* _Task prompt_
With the pictures left out, restate exactly the part below that opens with the line containing "男性向けラノベタイトル風あだ名 | 『くりばやしのぶたかの憂鬱』 |" and closes with the line containing "ศูนย์บริหารงานจราจร สำนักงานตำรวจแห่งชาติ ประชาสัมพันธ์".

Entries taken from a collection:
=== Section Start ===
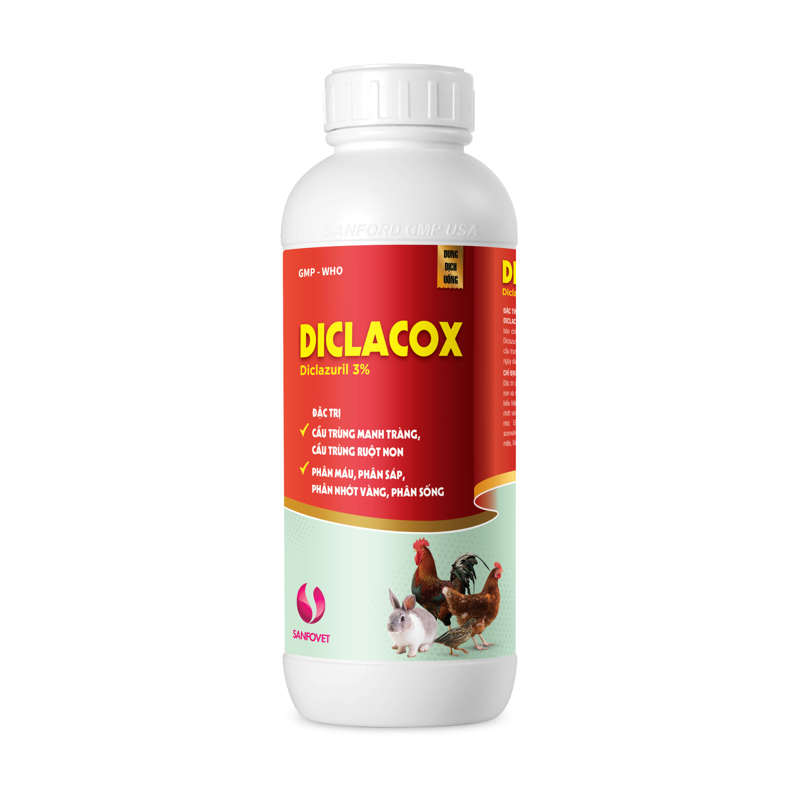 DICLACOX là thuốc đặc trị bệnh cầu trùng được bào chế theo công thức đặc biệt, với hoạt chất Diclazuril hàm lượng cao, diệt sạch tất cả các loại cầu trùng thường gây bệnh trên gia cầm, chỉ sau 2 ngày dùng thuốc.
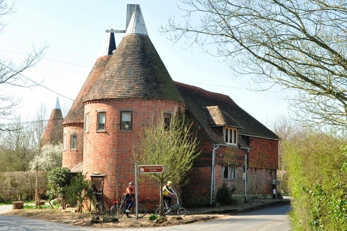 Kent has long been known as the Garden of England, and as we pedaled up the hill into the lovely village of Chiddingstone we had sweeping views of green fields and hedgerows, stretching into the distant high ground of the Weald. And what could be more representative of the farming tradition of the hop fields of the Garden of England than it’s many oast houses.
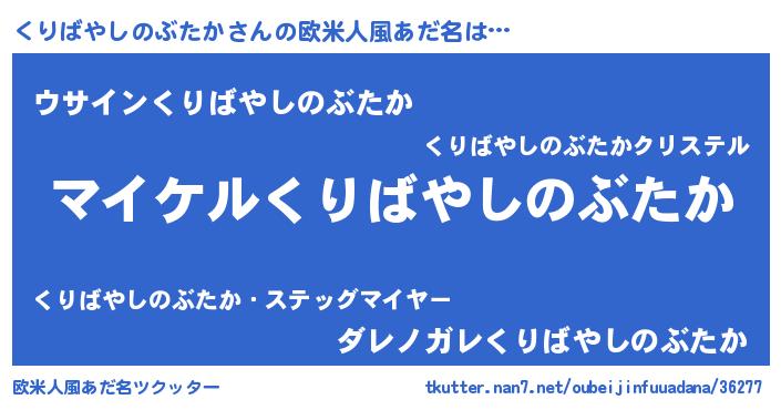 | 男性向けラノベタイトル風あだ名 | 『くりばやしのぶたかの憂鬱』 |
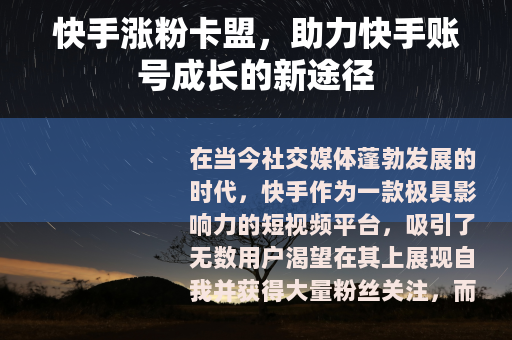 在当今社交媒体蓬勃发展的时代,快手作为一款极具影响力的短视频平台,吸引了无数用户渴望在其上展现自我并获得大量粉丝关注,而快手涨粉卡盟的出现,为许多有此需求的用户提供了一种可能的解决方案。
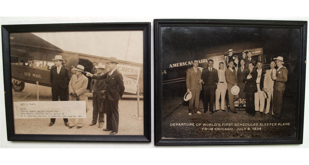 Lot of 2, 8 x 10 black and white framed photos. 1) Departure of Worlds First Scheduled Sleeper Plane from ChicagoJuly 8, 1934. A group of unidentified men and women are standing on the tarmac at night beside the plane. 2) C.R. Smith and 3 other aviation dignitaries stand in front of one of American Airways U.S. Mail planes. In 1934 American Airways changed its name to American Airlines, so this picture pre-dates that change. Both photos are framed, under glass. Ready to hang. From the American Industrialist Collection.
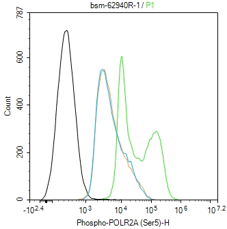 The Hela (H) cells were fixed with 4% PFA (10 min at r.t.) and then permeabilized with 90% ice-cold methanol for 20 min at -20℃,the cells then were incubated in 5%BSA to block non-specific protein-protein interactions (30 min at r.t.).Primary Antibody (green):Rabbit Anti-Phospho-POLR2A (Ser5) antibody (bsm-62940R): 1 μg/10^6 cells; Secondary Antibody (white blue): Goat anti-Rabbit IgG-FITC (bs-60295G-FITC): 1 μg/test. Isotype Control (orange): Rabbit IgG (bs-0295P). Blank control (black): PBS. Acquisition of 20,000 events was performed.
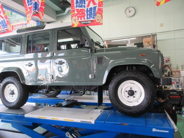 旧ランドローバーディフェンダー・・・今型もカッコいいですが、こちらは味が有っていいですね・・・
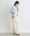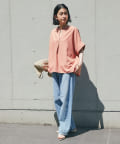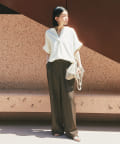 センタープレスのパンツやフレアースカートを合わせると、オフィスシーンで使える綺麗めコーデに◎
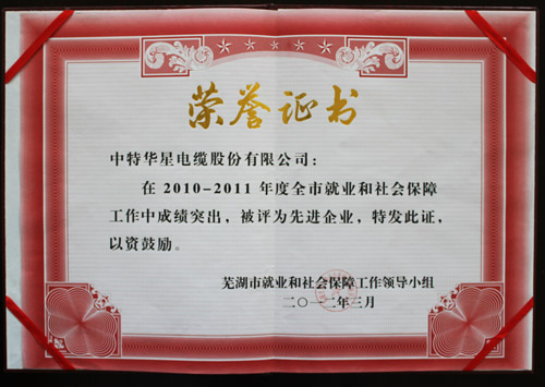 近日,中特华星电缆股份有限公司被芜湖市就业和社会保障工作领导小组评为“2010-2011年度全市就业和社会保障工作先进企业”。
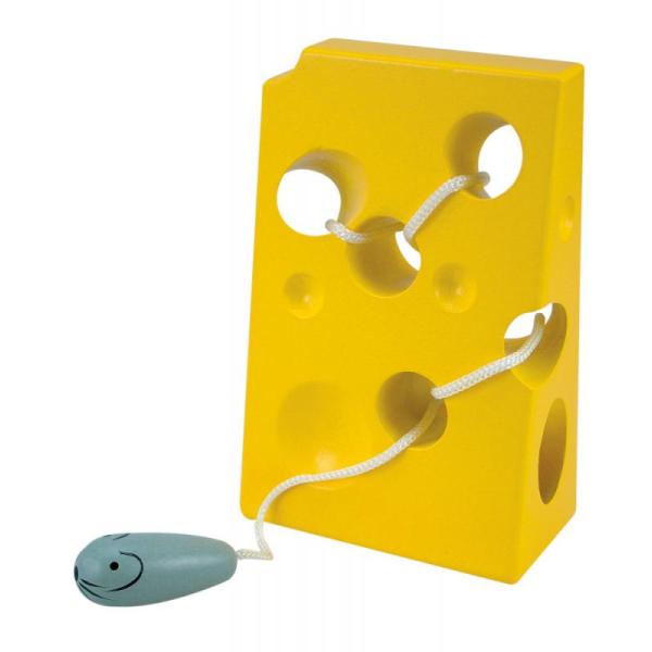 Provlékačka Sýr s myškou Provlékačka je dřevěná hračka pro děti ve tvaru sýra s dírkami, přes které se provléká malá dřevěná myška se provázkem. Výborná hračka na procvičování jemné motoriky dítěte. velikost: 12 x 5 x 5,5 cm Hračka je vhodná od 3 let.
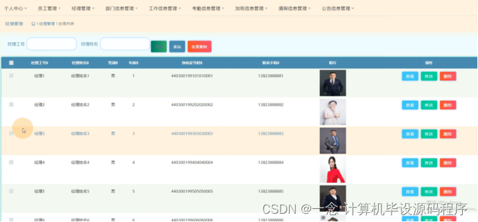 经理管理,在经理管理页面可以查看经理工号、经理姓名、性别、年龄、身份证号码、联系手机、相片等信息,并可根据需要进行查看,修改或删除等操作,如图5-4所示。
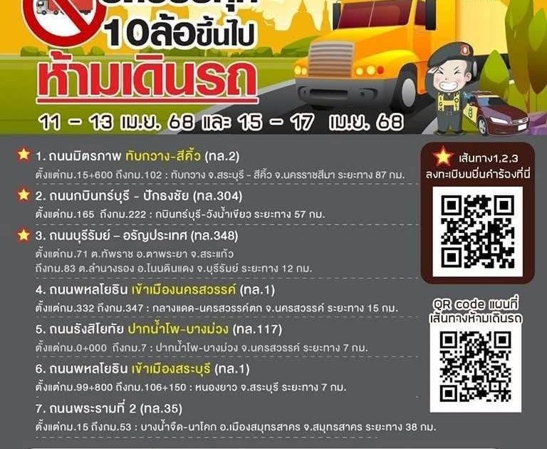 ศูนย์บริหารงานจราจร สำนักงานตำรวจแห่งชาติ ประชาสัมพันธ์ 7 เส้นทาง ห้ามรถบรรทุก 10 ล้อขึ้นไป เดินรถในช่วงเทศกาลสงกรานต์
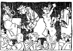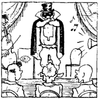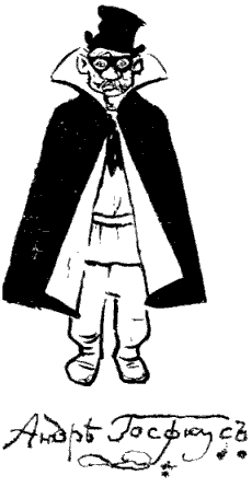 Сегодня Андрэ Госфикус покажет новые чудеса природы — гипноз многих зрителей на расстоянии. Многие медики и шарлатаны также пользуются этим могучим средством для выкачивания денег из кармана трудящихся граждан, в то время как Андрэ Госфикус за те же деньги покажет научный фокус, имея целью разъяснить, что нет больше тайн природы, а есть голые факты, взятые из газет. 1. Андрюша Госфикус в своем оригинальном наряде выходит до публики со скрещенными ручками и делает поклон, как бы извиняясь за свой скромный вид и за те дела, которые происходят в Ленинграде и окрестностях.
=== Section End ===
* _Your solution_
 | 男性向けラノベタイトル風あだ名 | 『くりばやしのぶたかの憂鬱』 |
 在当今社交媒体蓬勃发展的时代,快手作为一款极具影响力的短视频平台,吸引了无数用户渴望在其上展现自我并获得大量粉丝关注,而快手涨粉卡盟的出现,为许多有此需求的用户提供了一种可能的解决方案。
 Lot of 2, 8 x 10 black and white framed photos. 1) Departure of Worlds First Scheduled Sleeper Plane from ChicagoJuly 8, 1934. A group of unidentified men and women are standing on the tarmac at night beside the plane. 2) C.R. Smith and 3 other aviation dignitaries stand in front of one of American Airways U.S. Mail planes. In 1934 American Airways changed its name to American Airlines, so this picture pre-dates that change. Both photos are framed, under glass. Ready to hang. From the American Industrialist Collection.
 The Hela (H) cells were fixed with 4% PFA (10 min at r.t.) and then permeabilized with 90% ice-cold methanol for 20 min at -20℃,the cells then were incubated in 5%BSA to block non-specific protein-protein interactions (30 min at r.t.).Primary Antibody (green):Rabbit Anti-Phospho-POLR2A (Ser5) antibody (bsm-62940R): 1 μg/10^6 cells; Secondary Antibody (white blue): Goat anti-Rabbit IgG-FITC (bs-60295G-FITC): 1 μg/test. Isotype Control (orange): Rabbit IgG (bs-0295P). Blank control (black): PBS. Acquisition of 20,000 events was performed.
 旧ランドローバーディフェンダー・・・今型もカッコいいですが、こちらは味が有っていいですね・・・
 センタープレスのパンツやフレアースカートを合わせると、オフィスシーンで使える綺麗めコーデに◎
 近日,中特华星电缆股份有限公司被芜湖市就业和社会保障工作领导小组评为“2010-2011年度全市就业和社会保障工作先进企业”。
 Provlékačka Sýr s myškou Provlékačka je dřevěná hračka pro děti ve tvaru sýra s dírkami, přes které se provléká malá dřevěná myška se provázkem. Výborná hračka na procvičování jemné motoriky dítěte. velikost: 12 x 5 x 5,5 cm Hračka je vhodná od 3 let.
 经理管理,在经理管理页面可以查看经理工号、经理姓名、性别、年龄、身份证号码、联系手机、相片等信息,并可根据需要进行查看,修改或删除等操作,如图5-4所示。
 ศูนย์บริหารงานจราจร สำนักงานตำรวจแห่งชาติ ประชาสัมพันธ์ 7 เส้นทาง ห้ามรถบรรทุก 10 ล้อขึ้นไป เดินรถในช่วงเทศกาลสงกรานต์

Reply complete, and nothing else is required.